Он встал передо мной на колени, засунул голову мне под юбку и прижался щекой к моему животу.
Я уже готова была отдаться ему, но тут звякнул дверной колокольчик. Анджей крепко стиснул меня.
— Юстина, Юстина… — шептал он.
Я с силой оттолкнула его, одернула юбку, поправила прическу.
— Приведи себя в порядок, — велела я. — Это не игра. Вспомни, что случилось с Ясем.
Он простонал и медленно встал с пола. Я поспешила в прихожую.
Рихард ввалился с большим букетом красных гвоздик, тортом и шампанским.
— Немецкий офицер — самый галантный кавалер в мире, Юстина, — сказал он, вручая мне букет. — В каждом немецком офицере живет дух средневекового рыцаря.
Мы быстро распили бутылку шампанского. У Рихарда уже слегка заплетался язык, он то и дело подносил к губам мои руки и слюнявил их. Потом явился сержант, и он заявил, что отпускает его до самого вечера, если, конечно, не возражает прекрасная пани. Он говорил с сержантом по-немецки и тут же переводил мне на польский. Сержант удалился. Улучив момент, я пошла на кухню и велела Анджею поставить чай.
Я слышала из столовой, как он ожесточенно гремит посудой и все время роняет на пол приборы. Потом он что-то разбил и громко выругался по-русски.
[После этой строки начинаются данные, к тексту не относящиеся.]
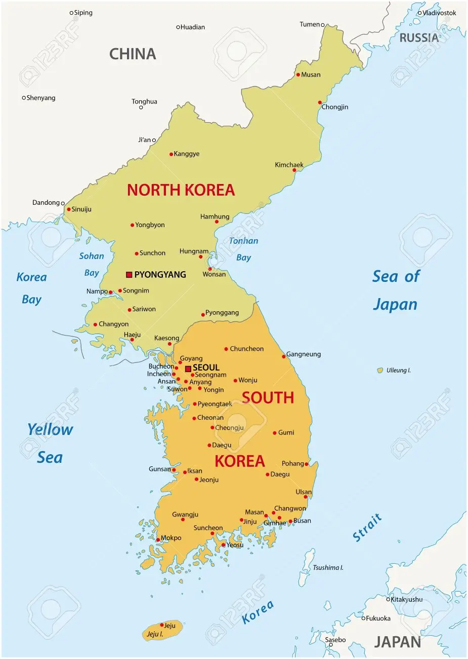 오늘날에는 휴전선을 기준으로 대한민국과 북한 두 나라가 위치하고 있다.
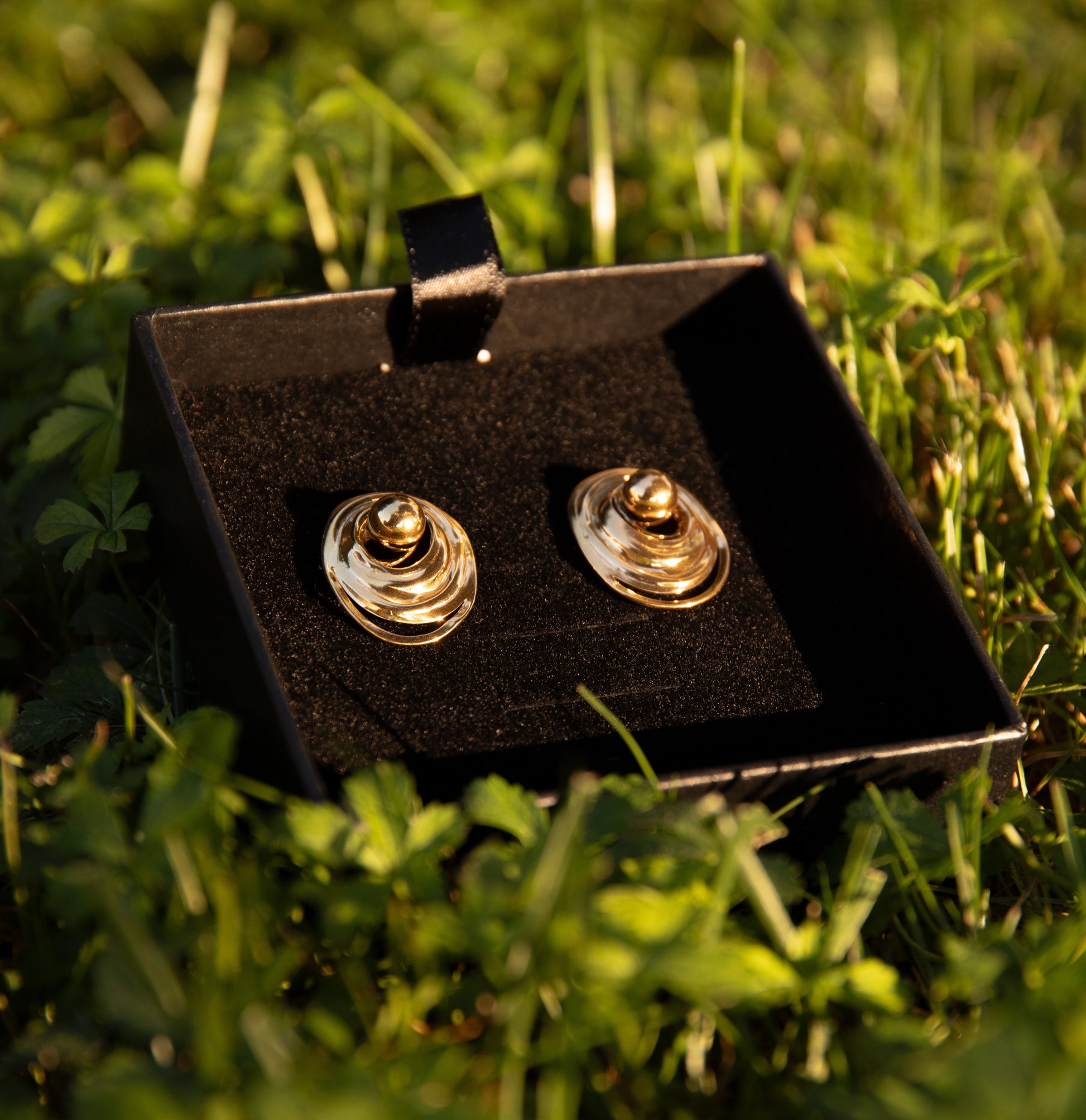 Questi eleganti orecchini a vortice combinano la lucentezza dell'oro e dell'argento in acciaio, con un design rotondo che avvolge delicatamente una pallina centrale. Perfetti per aggiungere un tocco sofisticato e moderno a ogni outfit, sono resistenti e di lunga durata, ideali per chi cerca stile e qualità in un unico accessorio.

— О, твоя служанка знает русский мат! — изумился Рихард.
— У нас все знают русские ругательства, — поспешила пояснить я. — Мы были совсем недавно русской колонией.
— И ты, Юстина, знаешь их? Ну-ка пошли меня по-русски подальше
— Зачем? Ты нравишься мне. Подальше посылают только тех, кто не нравится.
— Я тебе нравлюсь, Юстина? Это правда?
На кухне снова загрохотало, и я поспешила к буфету, где у меня стояла водка.
— Хочу чего-нибудь крепкого, — пояснила я, разливая водку по бокалам. — Сегодня у меня большой праздник.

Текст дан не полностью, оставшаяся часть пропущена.